Topic: The Role of Self-righteousness

Jonathan Haidt: Self-righteousness refers to our general tendency to give ourselves the benefit of the doubt, combined with our extraordinary ability as reasoning creatures to employ reason only to reach the conclusions we want to reach. That’s the general rule about reasoning. Thinking is for doing. We employ our reasoning to reach the conclusions we want to reach.

So if we’re mad at someone, we very easily find reasons why they’re wrong and we’re right. So this is just part of the nature of who we are.

I think this helps us to understand a lot about our current political situation, about the nastiness of our political divides, and why it is that it’s just so hard for us to see that there is wisdom on both sides of almost any long standing question.

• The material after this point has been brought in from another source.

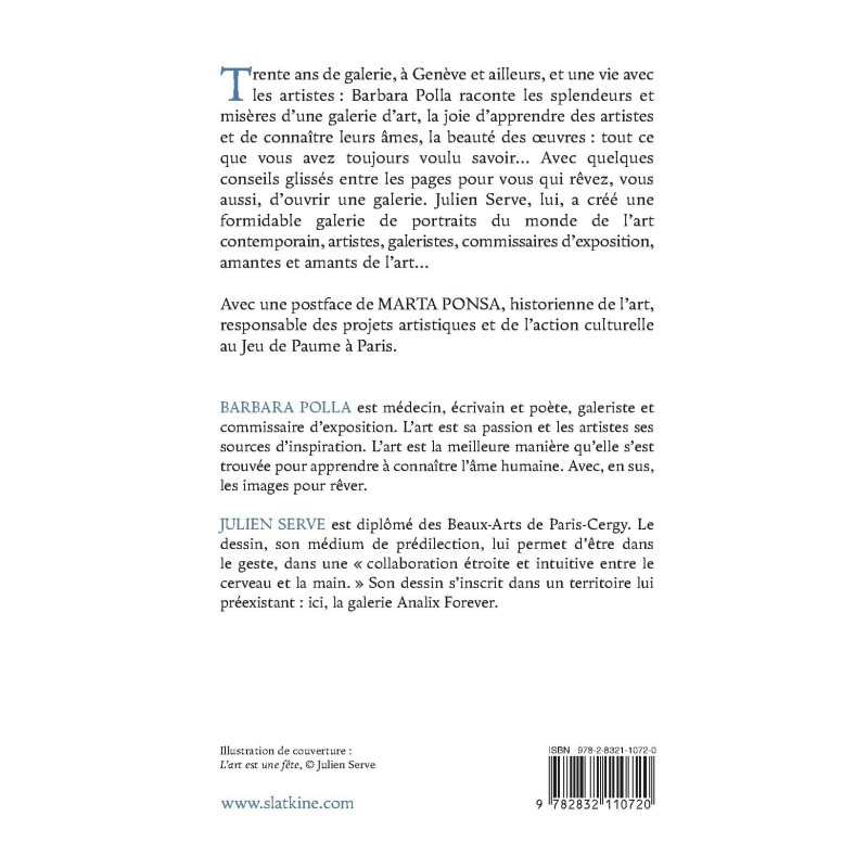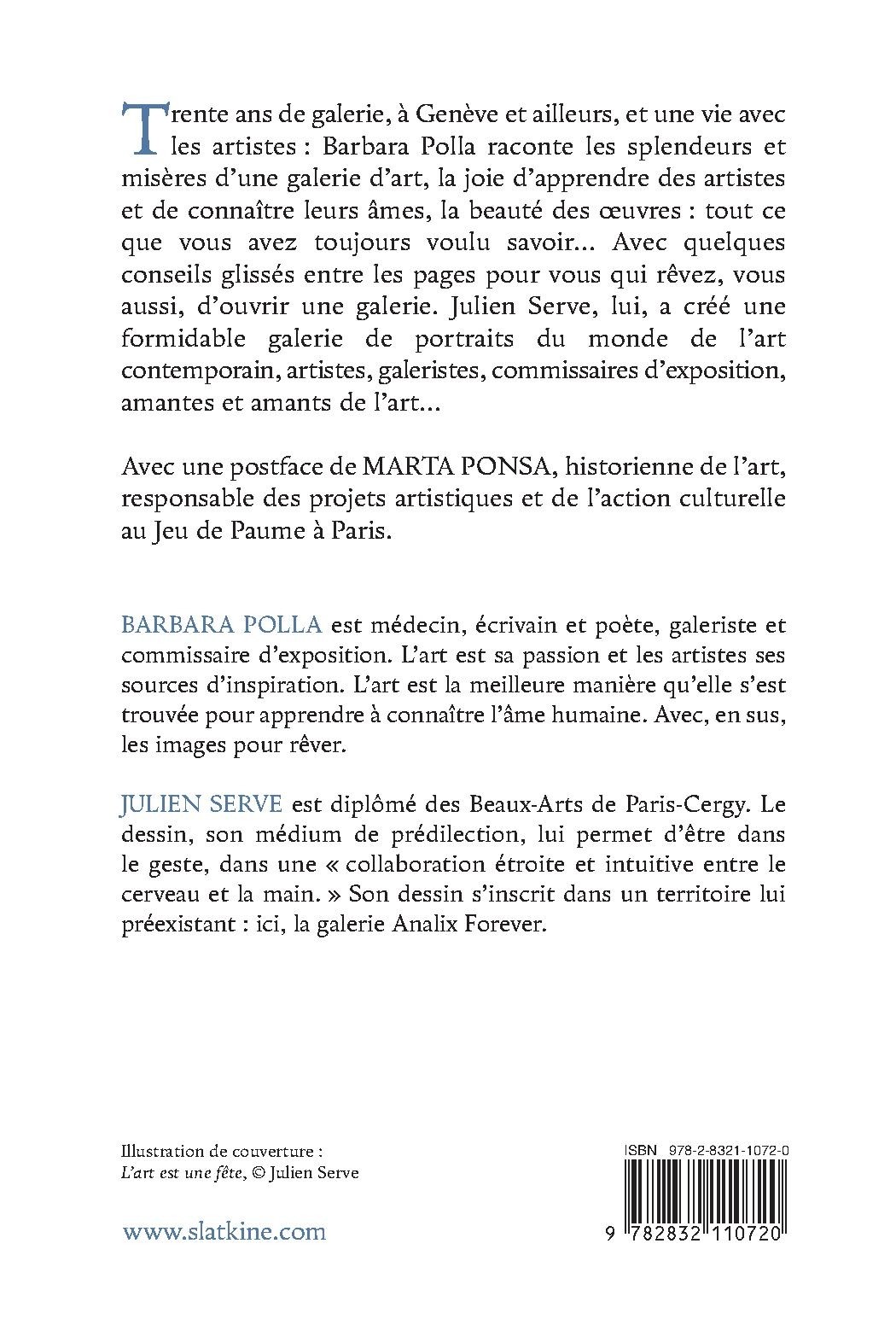 Trente ans de galerie, à Genève et ailleurs, et une vie avec les artistes : Barbara Polla raconte les splendeurs et misères d’une galerie d’art, la joie d’apprendre des artistes et de connaître leurs âmes, la beauté des oeuvres : tout ce que vous avez toujours voulu savoir… Avec quelques conseils glissés entre les pages pour vous qui rêvez, vous aussi, d’ouvrir une galerie. Julien Serve, lui, a créé une formidable galerie de portraits du monde de l’art contemporain, artistes, galeristes, commissaires d’exposition, amantes et amants de l’art…

This is the most important lesson I learned in writing “The Happiness Hypothesis”, is that if you’re a liberal, you’re not going to learn much by reading more liberal writing. Pick up some conservative magazines. Pick up some conservative thinkers. There’s revelation after revelation. There’s a lot of good ideas over there and, of course, vice versa.

But my point is we only seek out conclusion. We only seek out evidence that supports the conclusion we want to reach, and therefore we deprive ourselves of most of the interesting ideas in the world.

 

Recorded on May 9, 2008.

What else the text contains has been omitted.